In my experience, when something is slow in GUI code, often things are done 
multiple times redundantly (e.g. unneeded repaints).
This is totally different from numerical computations, where one can not 
easily get rid of floating point operations, as they are needed by the 
numerical algorithm.

> By this I also suggest that Calltree/Callgrind should not be used to
> profile CPU-limited program, only for memory-limited programs. But if you

Hmm... How will you know before actually seeing measurements?
The advantage of calltree is that it is easier to setup and get some results, 
in contrast to e.g. OProfile (where you need root access). Additionally, you 
get call-graph and call counts, which is currently not possible with 
OProfile. This alone will make results easier to understand. Cache simulation 
can be left switched off.
And if results suggest that there are unneeded function calls, that's fine. 
Get rid of them, and it will make your program faster, regardless whether it 
is memory-bound or CPU-bound.

If you want to invest more time on analysis, it is always better to measure 
reality, and every optimization has to be checked against runtime figures.
But then, results from OProfile are difficult to understand, are subject to 
overlapping effects of multiple obscure microarchitecture issues, to 
processor erratas, and change with every processor.

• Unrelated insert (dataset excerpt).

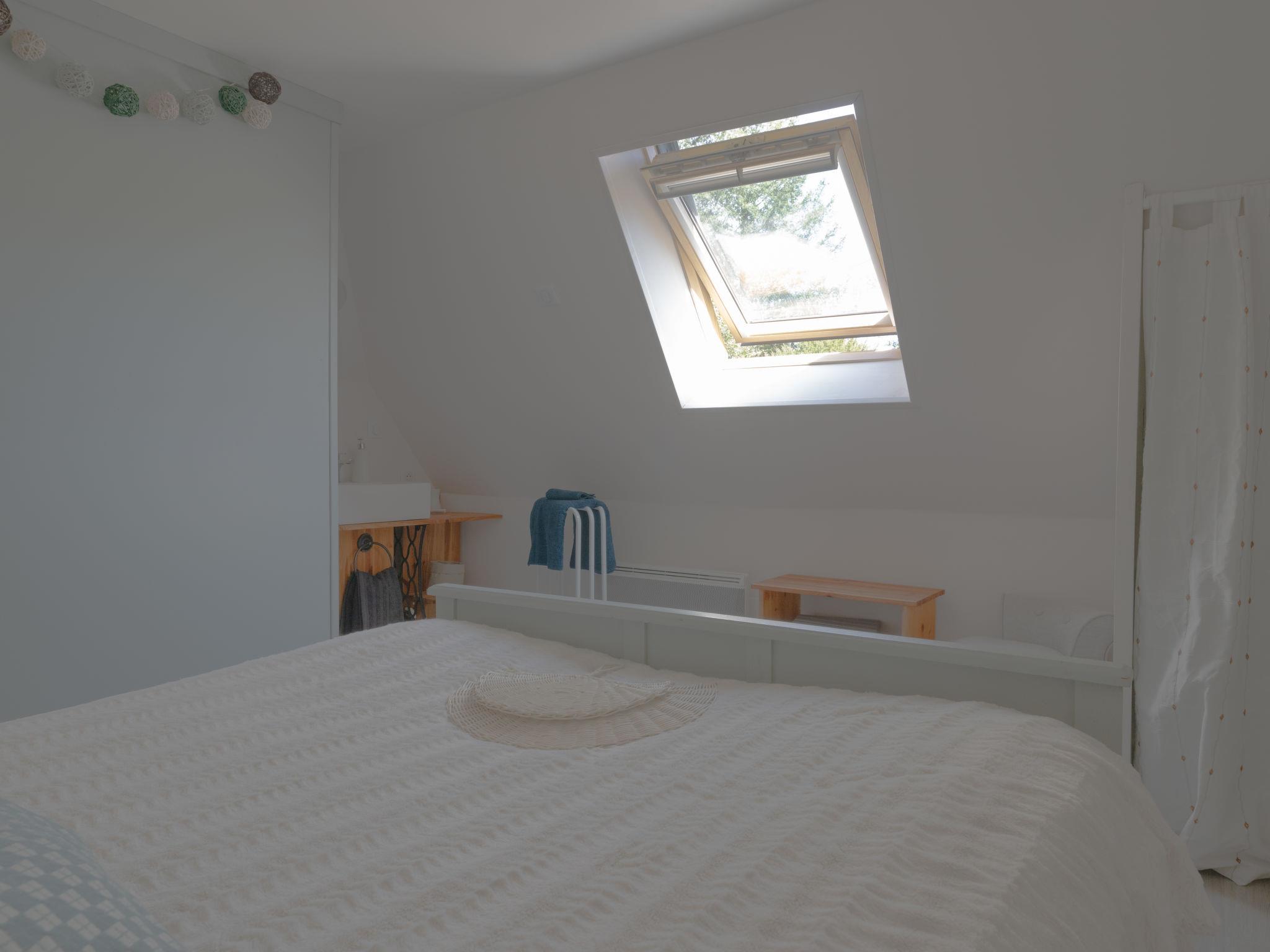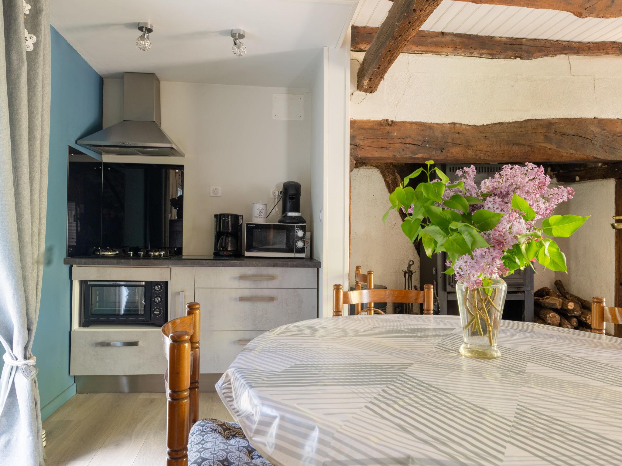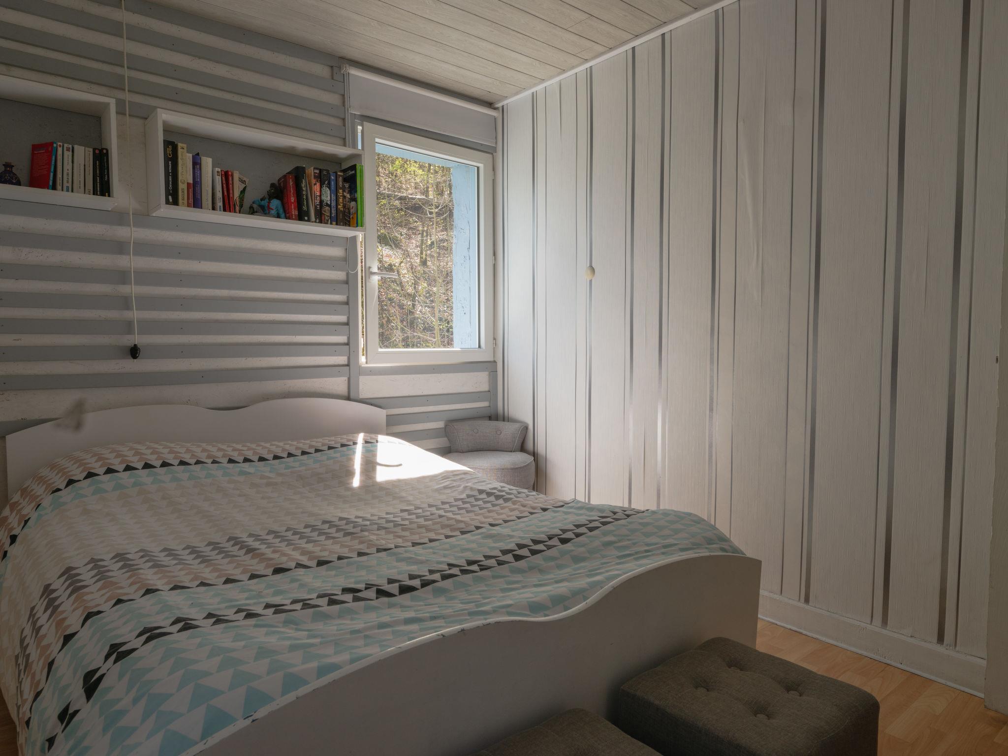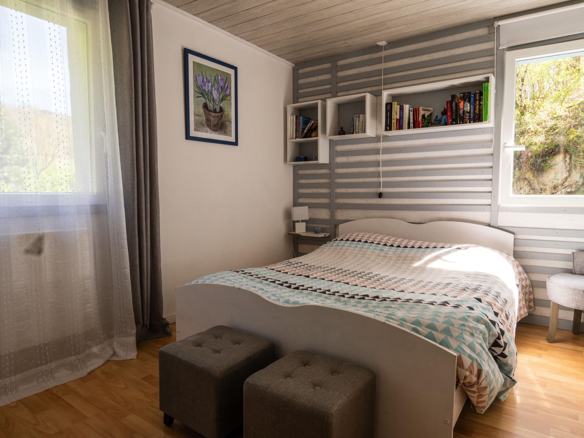 3-room house 80 m2 on 2 levels. Beautiful furnishings: living/dining room with Scandinavian wood stove, dining table and TV (flat screen). Exit to the garden, to the balcony. 1 room with 1 french bed (140 cm, length 190 cm). Open kitchen (mini-oven, 4 gas rings, toaster, kettle, microwave, freezer, electric coffee machine, Capsules for coffee machine (Senseo) extra). Shower, sep. WC, double hand-basin. Upper floor: (steep stair) lounge with sloping ceilings. 1 room with sloping ceilings with 1 french bed (140 cm, length 190 cm), shower/WC. Electric heating, wood heating. Small balcony, 2 small terraces. Terrace furniture, barbecue, deck chairs (2). Beautiful view of the river. Facilities: washing machine, iron, hair dryer, logs (free). Please note: not suitable for small children. Non-smoking house. Maximum 2 pets/ dogs allowed. Smoke alarm. Offer by a private individual according to Art. 155, IV of CGI.

As I said, I plan to add a heuristic to KCachegrind to extract the callgraph 
from a simulation run, and use this with sampling data from OProfile to get 
inclusive costs.

> really want to implement some sort of branch prediction algorithm
> simulation, you could simply use the statistical results of such an
> algorithm. On current processors, branch prediction is correct 90-95% of
> the time. So I imagine you could adjust the simulation using these figures,
> rather than implementing an algorithm directly.

Adding statistics gives you no more results at all. The only thing interesting 
here is to see if there are functions where the misprediction ratio is not in 
the 90%, and for this you need real simulation.

Josef